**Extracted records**
'''
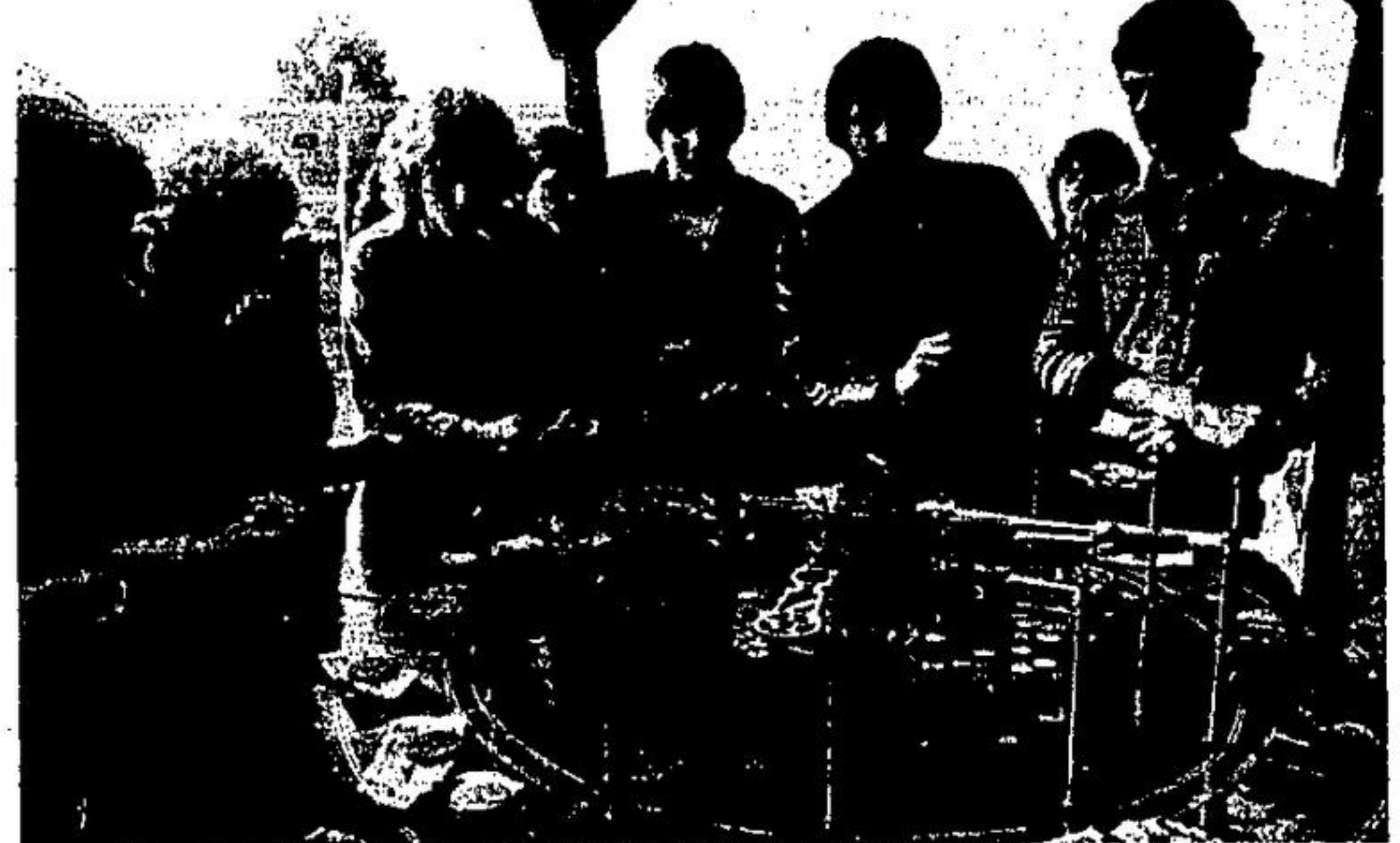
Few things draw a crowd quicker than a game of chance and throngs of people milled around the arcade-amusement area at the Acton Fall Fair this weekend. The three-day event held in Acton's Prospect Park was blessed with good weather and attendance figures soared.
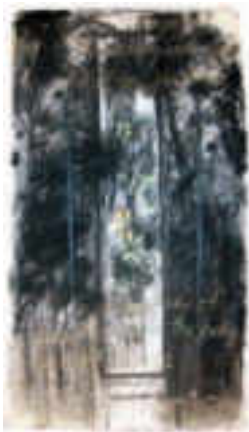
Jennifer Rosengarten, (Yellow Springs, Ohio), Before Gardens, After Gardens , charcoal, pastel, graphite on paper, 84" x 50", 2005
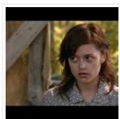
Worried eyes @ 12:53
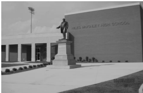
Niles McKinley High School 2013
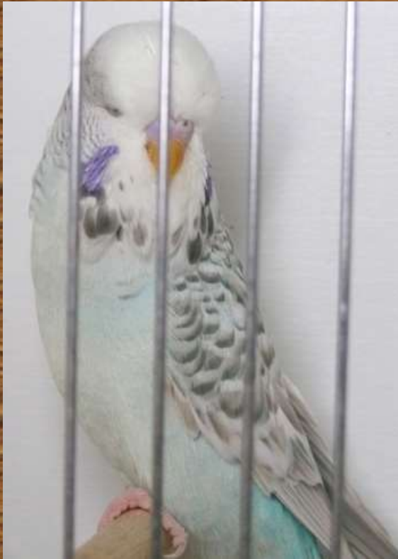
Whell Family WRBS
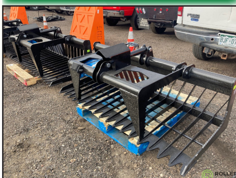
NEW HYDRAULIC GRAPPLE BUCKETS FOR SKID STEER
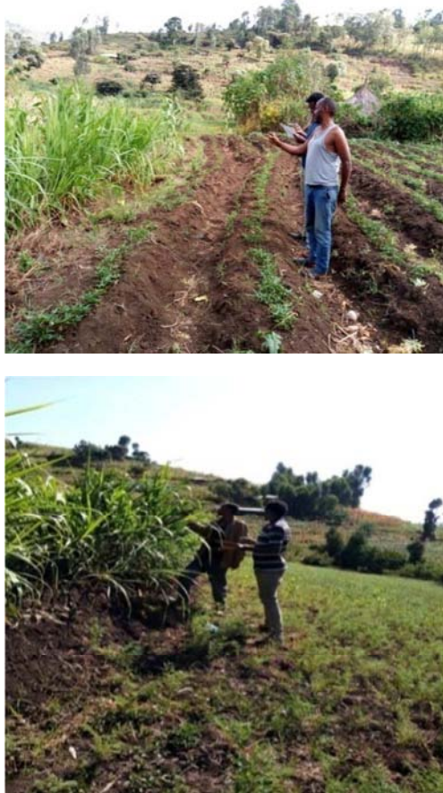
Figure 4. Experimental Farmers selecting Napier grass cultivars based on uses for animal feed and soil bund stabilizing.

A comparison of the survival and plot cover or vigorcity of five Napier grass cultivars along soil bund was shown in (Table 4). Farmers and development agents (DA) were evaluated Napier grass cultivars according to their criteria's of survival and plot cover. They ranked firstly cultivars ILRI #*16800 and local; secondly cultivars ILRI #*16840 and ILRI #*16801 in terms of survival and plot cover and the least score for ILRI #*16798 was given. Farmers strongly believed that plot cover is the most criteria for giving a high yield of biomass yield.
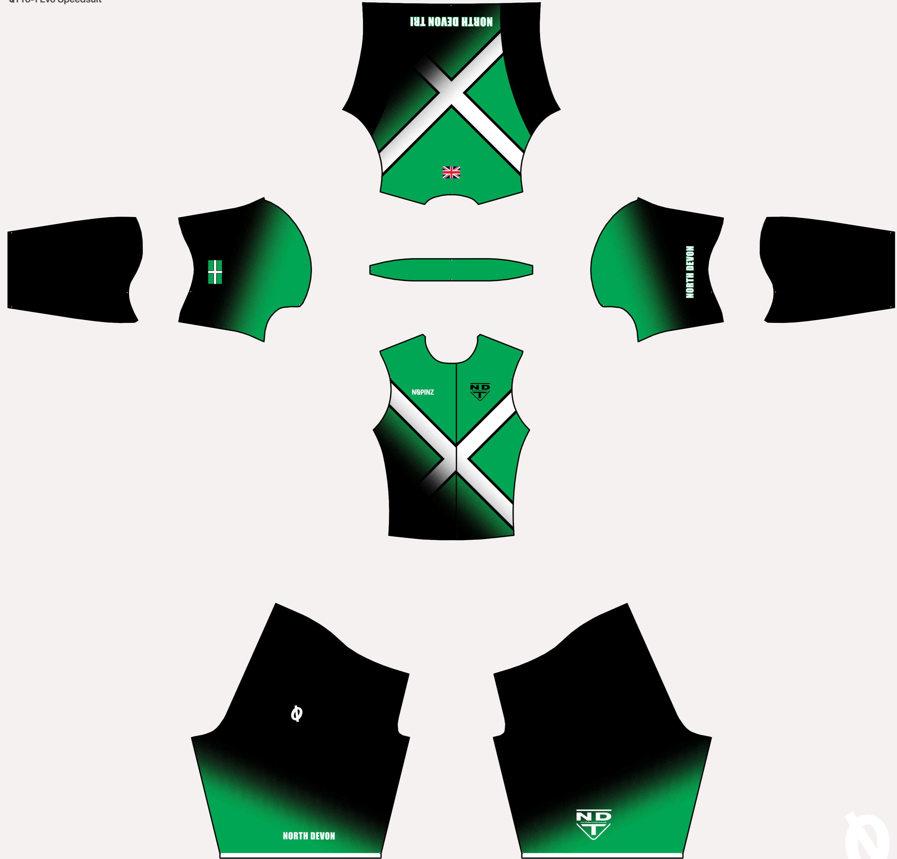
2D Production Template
'''
**What the task asks**
When a line in the records holds the string "soil", copy that line.

**Your response**
Figure 4. Experimental Farmers selecting Napier grass cultivars based on uses for animal feed and soil bund stabilizing.
A comparison of the survival and plot cover or vigorcity of five Napier grass cultivars along soil bund was shown in (Table 4). Farmers and development agents (DA) were evaluated Napier grass cultivars according to their criteria's of survival and plot cover. They ranked firstly cultivars ILRI #*16800 and local; secondly cultivars ILRI #*16840 and ILRI #*16801 in terms of survival and plot cover and the least score for ILRI #*16798 was given. Farmers strongly believed that plot cover is the most criteria for giving a high yield of biomass yield.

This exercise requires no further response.